Abstract

Circadian misalignment plays an important role in disease processes and can affect disease severity, treatment outcomes, and even survivorship. In this study, we aim to investigate whether expression and daily oscillation patterns of core circadian clock genes were disturbed in patients with obstructive sleep apnea/hypopnea (OSA) syndrome. We performed real-time quantitative reverse transcriptase-polymerase chain reactions to examine the expression of the nine core circadian clock genes in leukocytes of peripheral blood collected at 12 AM, 6 AM, 12 PM, and 6 PM from 133 patients with OSA and 11 normal controls. Daily expression patterns of the nine circadian clock genes were observed in normal controls, but three of these genes (BMAL1, CLOCK, CRY2) were disrupted in patients with OSA. The expressions of eight circadian clock genes (except PER1) at midnight were significantly downregulated in patients with severe OSA. Binary logistic regression analysis selected CRY1 and PER3 as independent factors for severe OSA and showed that the combined expressions of CRY1 and PER3 enhanced the capability of predicting severe OSA (Odds ratio, 5.800; 95% CI, 1.978 to 17.004; p = 0.001).
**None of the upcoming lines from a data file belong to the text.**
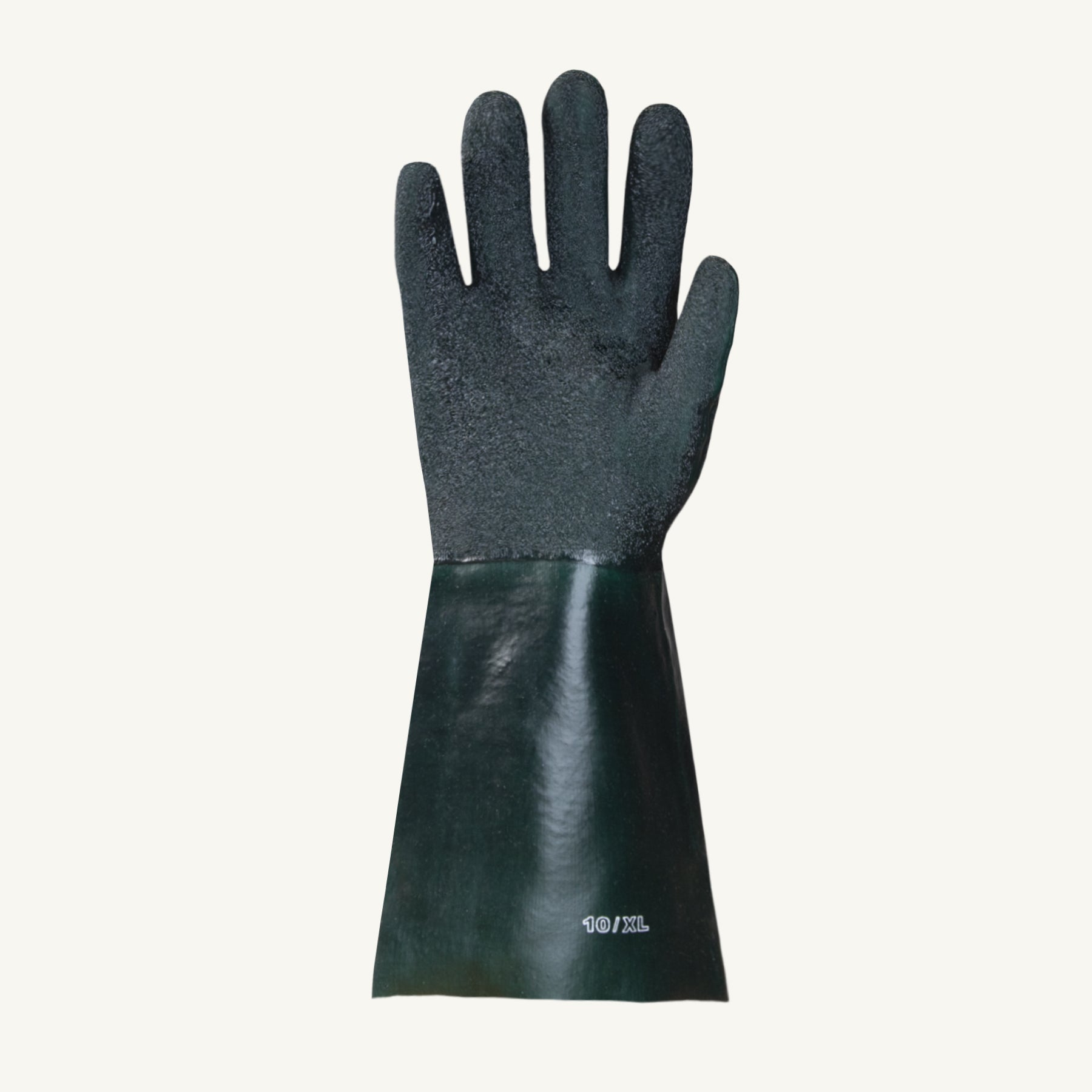 Gants chimiques en PVC avec poignets allongés et paumes à finition rugueuse pour une meilleure adhérence.
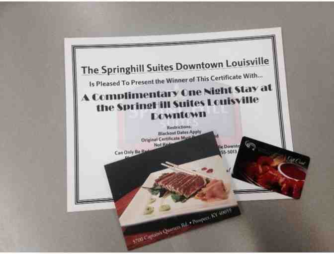 (1) Night Stay Downtown Louisville, KY at Springhill Suites and $40 in Gift Cards for Captains Quarters Restaurant.
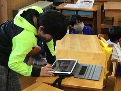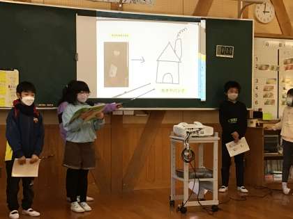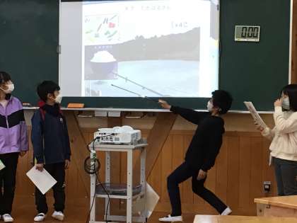 総合(3年生) 公開日 2023/03/03 更新日 2023/03/03 各学年から 3年生は、総合的な学習で民話のこと、下山で活躍されている方たちのこと、安全を守ってくださる方のことなどを1年間勉強してきました。今日は2年生を招いて発表会を行っていました。 大きな声で堂々と発表していて感心しました。黒板に映されているのは子どもたちがタブレットで作成したプレゼン用資料です。イラストや写真が上手に使われていてとても分かりやすいです。タブレットを操作しているのも子どもです。
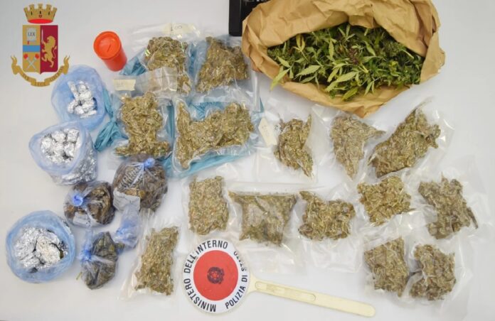 Tuttavia gli operatori di squadra mobile e volanti, avendo il sospetto che l’uomo stesse tentando di sviarli, sottoponevano a controllo anche le aree limitrofe all’abitazione, individuando un locale attiguo adibito a deposito di attrezzi poi rivelatisi in uso al trentottenne, nonché utilizzato come garage per una biciletta elettrica di proprietà dello stesso. Insospettiti dall’odore proveniente dal capanno, i poliziotti vi accedevano e lo sottoponevano a scrupolosa perquisizione, rinvenendo e sequestrando alcuni rami colmi di fogliame ed infiorescenze tipiche delle piante di cannabis, nonché numerosi involucri contenenti sostanza stupefacente del tipo marijuana, tutti verosimilmente destinati allo smercio nel marcato cittadino.

Our results show that combined expressions of CRY1 and PER3 at midnight could be a potential predictor for severe OSA.

Highlights

  • Obstructive sleep apnea/hypopnea (OSA) syndrome is characterized by repetitive obstruction of the upper airway and causes repetitive hypoxia/reoxygenation

  • Circadian rhythm refers to the “body clock” which is an endogenously driven, nearly 24-hour cycle in biochemistry, physiology, or behavior, such as sleep and activity, appetite, hormone levels, metabolism, and gene expression [6]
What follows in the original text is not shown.